For Palestinians, the Camp David Peace Treaty, signed between Egypt and Israel in March 26, 1979, under American sponsorship, equaled a catastrophe.

Israel’s aim was to keep Egypt away from the focal conflict in the Middle East, the Israeli occupation of Palestinian land. It did so successfully. Not only was Egypt out of the picture, but also the seemingly united Arab front collapsed thereafter. Egypt received harsh flak from its Arab neighbors and lost its leading role among Arab nations.

Israel was the ultimate beneficiary. Then Prime Minister Menachim Begin, refused any proposition of a realistic negotiation framework that could resolve the Palestinian conflict. On the other hand, the United States signed a separate agreement with Israel: the Israel-US Memorandum. The agreement provided American guarantees to Israel, lest Egypt violated the peace treaty. It also designated a generous annual military and economic aid package, to help Israel cope with the cost of peace.

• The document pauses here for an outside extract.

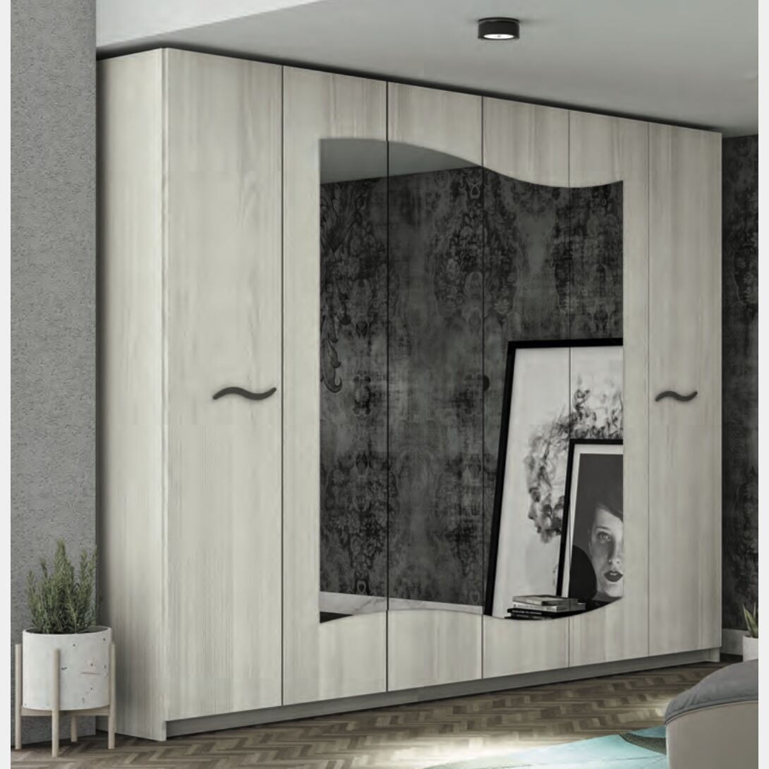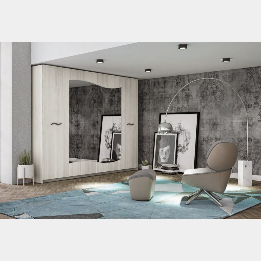 Armadio battente 6 ante con specchio sagomato, finitura Olmo Bianco

The question of Palestine was then put on the back burner, but not completely. Instead, Israel had an awesome chance to concentrate on suppressing the rebellious Palestinians, while trying to create an alternative leadership to negotiate peace based on Israeli terms. As Israel managed to breath easier, since the war of attrition in Egypt was officially over, a bloody campaign was waged against Lebanon, with the aim of altering the political structure of the tiny country, while driving Syria out of Lebanon, but foremost, annihilating the Palestinian resistance.

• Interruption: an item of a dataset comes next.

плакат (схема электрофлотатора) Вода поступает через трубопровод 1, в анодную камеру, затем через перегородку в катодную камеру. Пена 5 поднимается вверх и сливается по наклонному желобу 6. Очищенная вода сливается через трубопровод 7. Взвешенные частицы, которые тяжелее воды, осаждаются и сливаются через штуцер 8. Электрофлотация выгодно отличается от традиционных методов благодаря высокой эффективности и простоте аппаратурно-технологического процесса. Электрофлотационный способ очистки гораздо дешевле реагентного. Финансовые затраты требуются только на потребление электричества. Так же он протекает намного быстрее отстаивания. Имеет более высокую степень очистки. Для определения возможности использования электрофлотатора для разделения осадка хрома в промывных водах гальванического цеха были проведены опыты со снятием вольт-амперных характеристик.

Israel’s gamble led to the invasion of Lebanon, in the summer of 1982, which culminated to the massacre of Sabra and Shatilla. The estimates on Lebanese and Palestinian casualties in Israel’s war varied. But there is an agreement that tens of thousands were killed or wounded. The masterminds of the invasion were the same man who signed the peace treaty with Egypt; Begin, and the rising star of Israel’s politics; Ariel Sharon.

Israel has of course achieved little from its invasion of Lebanon, a lesson that cost Israel hundreds of its finest soldiers. Two decades of senseless occupation reaped nothing but a humiliating withdrawal. Former Israel Prime Minister Ehud Barak, had the courage to admit that the Israeli presence in Lebanon was costly and futile. In an unforgettable night in May 2000, Israeli troops scrambled to escape back to the Israeli northern border as their leadership vowed never to return.

Once again, Israel was allowed to focus on its problem with the Palestinians. Less than two months following the withdrawal from South Lebanon, Israel attempted to force its own conditions on the Palestinian leadership, this time back in Camp David. Despite the intense pressure, practiced by the “honest broker”, a role played by former US President Bill Clinton, Palestinian leader Yasser Arafat held his ground. History, written by the US media, often refers to that phase as “Barak’s generous offer”, claiming that Barak offered Palestinians everything they wished for, but they arrogantly refused. Leading Palestinian intellectual, Hanan Ashrawi, repeatedly stated that no written proposal was ever made available to the Palestinians. Even if there was such a proposal, Arafat’s rejection of the division of the West Bank into three cantons, separated by Israeli military zones and bypass roads, the continuous presence of the illegal settlements and the Israeli illegal control of the occupied city of Jerusalem, is nothing less than a sound choice.

Nearly three years have passed since the failure of Camp David II, and nearly as long since the outbreak of the Palestinian uprising. Israel continues to wave two options in the face of Palestinians, either peace on Israel’s turf, or a deadly war that uses every weapon available. Sharon’s painful honesty often helped outline the Israeli peace agenda. He declared the essence of his strategy to the world on March 4, 2002 when he stated: Before peace talks with the Palestinians could resume, “they must first be hit hard.”

On July 02, 2003, Israeli tanks reportedly rolled out of the occupied West Bank town of Bethlehem, opening the stage for a new Israeli maneuver. Considering Israeli official statements that joined the withdrawal, Israel seems to be playing the same old game of marginalizing one enemy to crack down on another. Unlike the Egypt Camp David scenario however, Israel expects the Palestinian Authority (PA) to play the role that Israel has itself played in the bloody crackdown on the Palestinian resistance in Lebanon in 1982.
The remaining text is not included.